The Royal Botanic Garden Edinburgh's extensive Herbarium collection is estimated to hold three million specimens representing half to two thirds of the world's flora. The specimens, alongside the collection label can be used to answer many research questions including: changes in species distribution and flowering times linked to habitat loss and climate change. Thus specimen data helps inform and target conservation and climate change mitigation efforts protecting plant species for future generations.
Our digitisation programme seeks to make this data as widely accessible as possible. Full label transcription would take around 40 years for our team of three digitisers. With the rate of species loss being estimated to be at 1000 - 10,000 above the naturally expected rate we cannot afford to take decades, we had to look for another way to speed up the process. This involved minimal data entry which is 14 times faster in combination with citizen science label transcription.

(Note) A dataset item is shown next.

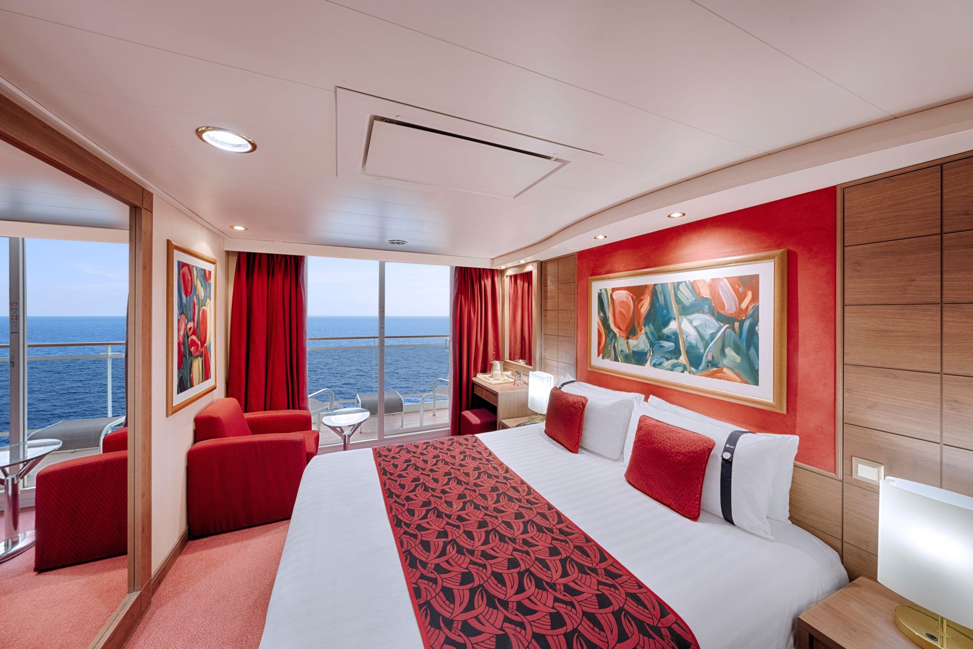 - Fenster mit Meerblick, bequemer Sessel, Doppelbett, das auf Anfrage in zwei Einzelbetten umgewandelt werden kann, Kabinen für Gäste mit eingeschränkter Mobilität oder sonstigen Beeinträchtigungen verfügen nur über Einzelbetten, Badezimmer mit Dusche, Föhn, interaktives TV-Gerät, Telefon, WLAN (gegen Gebühr), Minibar und Safe, Klimaanlage. Größe: ca. 16 m². (Größe, Aufteilung und Kabinenausstattung können von der Abbildung abweichen auch innerhalb derselben Kabinenkategorie).

The Royal Botanic Garden Edinburgh will be launching a citizen science project on Zooniverse which aims to transcribe the data on the collection labels of plant specimens collected from across the world over a period of more than 200 years. The specimens, alongside the collection label can be used to answer many research questions including changes in species distribution and flowering times linked to habitat loss and climate change. Thus specimen data helps inform and target conservation and climate change mitigation efforts protecting plant species for future generations. The specimens in this project are all in the Gesneriaceae plant family which will be familiar to many from the widely cultivated houseplants, African Violets. All these cultivated African Violets are derived from a handful of species found only in Tanzania and Kenya and which are under threat of extinction. As a whole, the family has about 2,500 species from mostly tropical environments, and a large number of species are only known from one or two specimens. This is part of Engaging Crowds: Citizen research and heritage data at scale, a project funded by the Arts & Humanities Research Council. Within the AHRC programme we want to analyse the impact of increasing agency of the citizen scientist on data quality.
We will create two projects: a baseline project and indexed project, splitting up our digital specimen images of the plant family Gesneriaceae into two randomised datasets. These will build upon previous analysis of data quality from citizen science projects carried out at RBGE. We will use dropdown lists where possible as this has proved to increase transcription accuracy. We will also include the ability for volunteers to indicate where data are either missing or illegible on the specimen labels. The baseline project will present specimens to the volunteers in a random order. The indexed project will utilise output from Optical Character Recognition (OCR) software, created from our specimen images, to pull out batches associated with specific collectors and geographical locations. When used in conjunction with the Zooniverse indexing tool this will allow volunteers to choose a subset of transcription tasks. It will be interesting to see how this impacts the both transcriber behaviour and data quality. Experience from previous projects indicates that different transcribers have strengths in transcribing different aspects of specimen data.